══ Data to process

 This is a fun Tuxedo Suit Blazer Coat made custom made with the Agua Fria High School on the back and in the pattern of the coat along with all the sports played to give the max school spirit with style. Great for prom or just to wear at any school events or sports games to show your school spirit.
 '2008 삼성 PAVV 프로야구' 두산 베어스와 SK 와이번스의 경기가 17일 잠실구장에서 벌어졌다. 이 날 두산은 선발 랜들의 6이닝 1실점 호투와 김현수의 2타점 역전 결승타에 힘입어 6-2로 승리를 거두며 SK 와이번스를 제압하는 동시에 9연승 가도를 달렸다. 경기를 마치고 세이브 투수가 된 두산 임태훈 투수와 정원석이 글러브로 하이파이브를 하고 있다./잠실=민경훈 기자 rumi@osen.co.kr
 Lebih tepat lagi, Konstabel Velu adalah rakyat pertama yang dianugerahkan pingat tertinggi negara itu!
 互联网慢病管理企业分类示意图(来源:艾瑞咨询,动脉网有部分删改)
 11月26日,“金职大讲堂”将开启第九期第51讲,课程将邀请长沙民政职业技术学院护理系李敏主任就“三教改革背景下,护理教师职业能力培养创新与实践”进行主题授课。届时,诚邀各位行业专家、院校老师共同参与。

════
══ Data to process

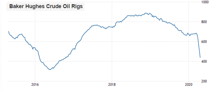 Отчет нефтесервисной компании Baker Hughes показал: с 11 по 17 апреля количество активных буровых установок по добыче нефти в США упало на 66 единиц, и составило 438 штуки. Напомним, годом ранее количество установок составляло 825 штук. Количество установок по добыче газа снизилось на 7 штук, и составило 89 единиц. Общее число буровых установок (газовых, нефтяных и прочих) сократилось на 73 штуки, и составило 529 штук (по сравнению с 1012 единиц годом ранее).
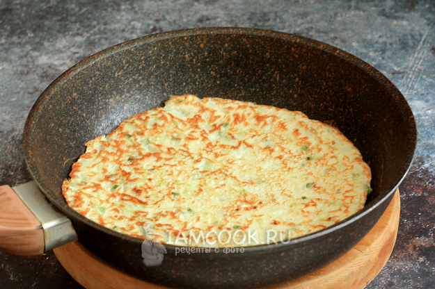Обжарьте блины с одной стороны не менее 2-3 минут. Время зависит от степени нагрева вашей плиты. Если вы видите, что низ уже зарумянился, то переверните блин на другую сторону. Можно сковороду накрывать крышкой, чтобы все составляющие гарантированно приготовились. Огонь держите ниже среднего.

════
══ Data to process

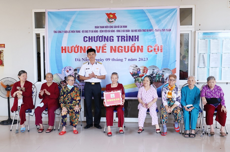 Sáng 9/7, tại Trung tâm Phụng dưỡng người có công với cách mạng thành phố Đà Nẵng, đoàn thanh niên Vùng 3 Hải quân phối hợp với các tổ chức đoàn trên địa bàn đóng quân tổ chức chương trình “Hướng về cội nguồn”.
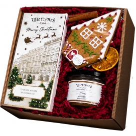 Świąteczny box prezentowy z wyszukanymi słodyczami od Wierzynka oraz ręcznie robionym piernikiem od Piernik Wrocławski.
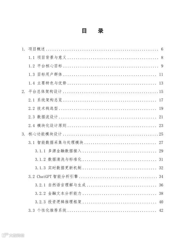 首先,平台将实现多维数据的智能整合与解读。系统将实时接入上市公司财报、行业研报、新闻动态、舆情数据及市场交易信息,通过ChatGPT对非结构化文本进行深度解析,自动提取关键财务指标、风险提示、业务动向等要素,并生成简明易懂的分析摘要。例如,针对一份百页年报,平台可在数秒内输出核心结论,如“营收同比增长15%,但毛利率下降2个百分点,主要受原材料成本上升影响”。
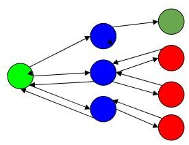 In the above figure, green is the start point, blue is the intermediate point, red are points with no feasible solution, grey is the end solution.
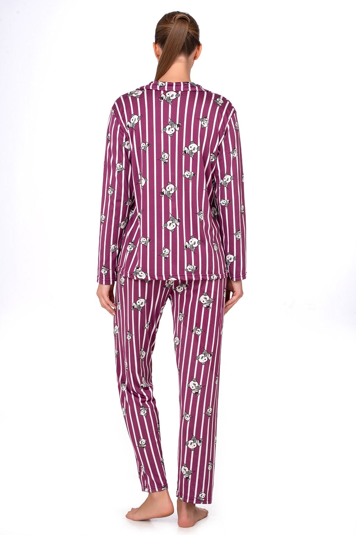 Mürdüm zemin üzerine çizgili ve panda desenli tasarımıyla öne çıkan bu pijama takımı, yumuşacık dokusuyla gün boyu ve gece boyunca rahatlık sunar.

════

Task prompt: Take only the lines above from the one that has "Świąteczny box prezentowy" through the one that has "Mürdüm zemin üzerine" and reproduce them exactly, omitting any pictures.

Written solution:
 Świąteczny box prezentowy z wyszukanymi słodyczami od Wierzynka oraz ręcznie robionym piernikiem od Piernik Wrocławski.
 首先,平台将实现多维数据的智能整合与解读。系统将实时接入上市公司财报、行业研报、新闻动态、舆情数据及市场交易信息,通过ChatGPT对非结构化文本进行深度解析,自动提取关键财务指标、风险提示、业务动向等要素,并生成简明易懂的分析摘要。例如,针对一份百页年报,平台可在数秒内输出核心结论,如“营收同比增长15%,但毛利率下降2个百分点,主要受原材料成本上升影响”。
 In the above figure, green is the start point, blue is the intermediate point, red are points with no feasible solution, grey is the end solution.
 Mürdüm zemin üzerine çizgili ve panda desenli tasarımıyla öne çıkan bu pijama takımı, yumuşacık dokusuyla gün boyu ve gece boyunca rahatlık sunar.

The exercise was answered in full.